The build relies on that old stalwart, the Arduino Uno, to run the show. It’s hooked up to a DS3231 real-time clock module so it can keep accurate time for long periods, as is befitting a clock. Displaying the time is done via the use of two analog meters, each fitted with a custom backing card. One displays hours, the other, minutes. The analog meters are simply driven by the PWM outputs of the Arduino.

It’s not a hugely complex project, but it teaches so much. It provides an opportunity to educate the builders about real-time clocks, microcontroller programming, and even the concepts behind pulse width modulation. To say nothing of the physical skills, like learning to solder or how to assemble the laser-cut enclosure. Ultimately, it looks like a really great way for [hamblin.joe] and his students to dive into the world of modern electronics.

13 thoughts on “Educational Arduino Clock Uses Analog Meters For Display

  1. Whenever I do anything with clocks or 7 segment displays I get accused of making a bomb.
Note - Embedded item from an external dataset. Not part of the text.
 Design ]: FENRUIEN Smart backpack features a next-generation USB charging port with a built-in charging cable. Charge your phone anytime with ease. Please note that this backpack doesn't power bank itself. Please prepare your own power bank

    I’m thinking I should buy some craft supplies and make a clock that looks like a…

    But then I remember somebody would report me and I’d have the cops busting down my door for a clock.
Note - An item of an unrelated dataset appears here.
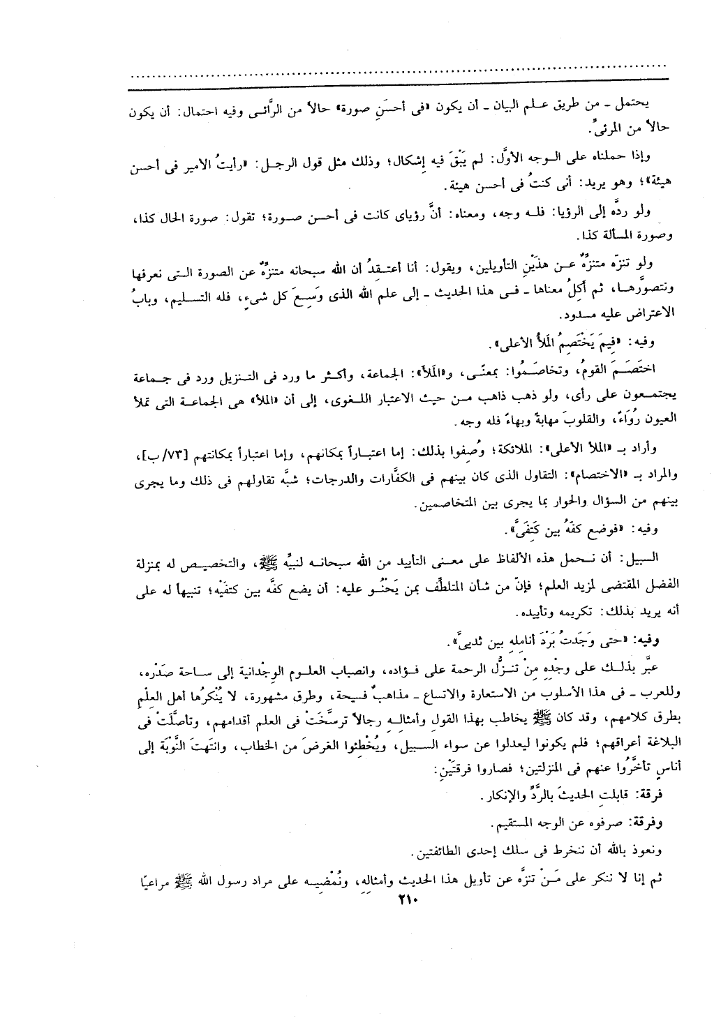 وأراد بـ (الملأ الأعلى): الملائكة؛ وصفوا بذلك: إما اعتبارا بمكانهم، وإما اعتبارا بمكانتهم [73/ب]، والمراد بـ (الاختصام): التقاول الذي كان بينهم في الكفارات والدرجات؛ شبه تقاولهم في ذلك وما يجري بينهم من السؤال والحوار بما يجري بين المتخاصمين.

    1. Each of those is a different twist on the idea. I have no problem with seeing another.

      Did you stop playing FPS games because everything after Wolfenstein was just repeating the same thing?

      Bet you are fun at hackathons…

    1. Solar-based optical hour detection is employed.

      To wit, look outside. Is dark? Is 10 AM. Is light? Is 10PM.

      Yes, fails seasonally, and towards Arctic Circle. Not point of this clock. Real clocks have network connection for ntp, or multiple local sources to be stratum 1 ntp servers. But this is still fun.

    2. Needs another meter for that Roman gift that keeps on giving headaches for some and it’s holdover into counting and math.
      This is the only 0 to 12 hour “dial” I’ve ever seen. It should start with 12 and end with 12 as well. That may not make sense but so with Roman numbering not having zero.

      In a week or two we will screw with our clocks and then will have the sun till 10PM in west Indiana where Pi can change and the sun sets late. Yee Haw!

    3. I talk about 24 hours in the build notes for the project. 24 hours would too cluttered on the meter (display), the other option would be to have a LED (or something) to show AM/PM. I could easy update the laser STL to add this. I challenged the kids with this as “extra credit”. When you do something like this you have to be very aware of how much time everything takes.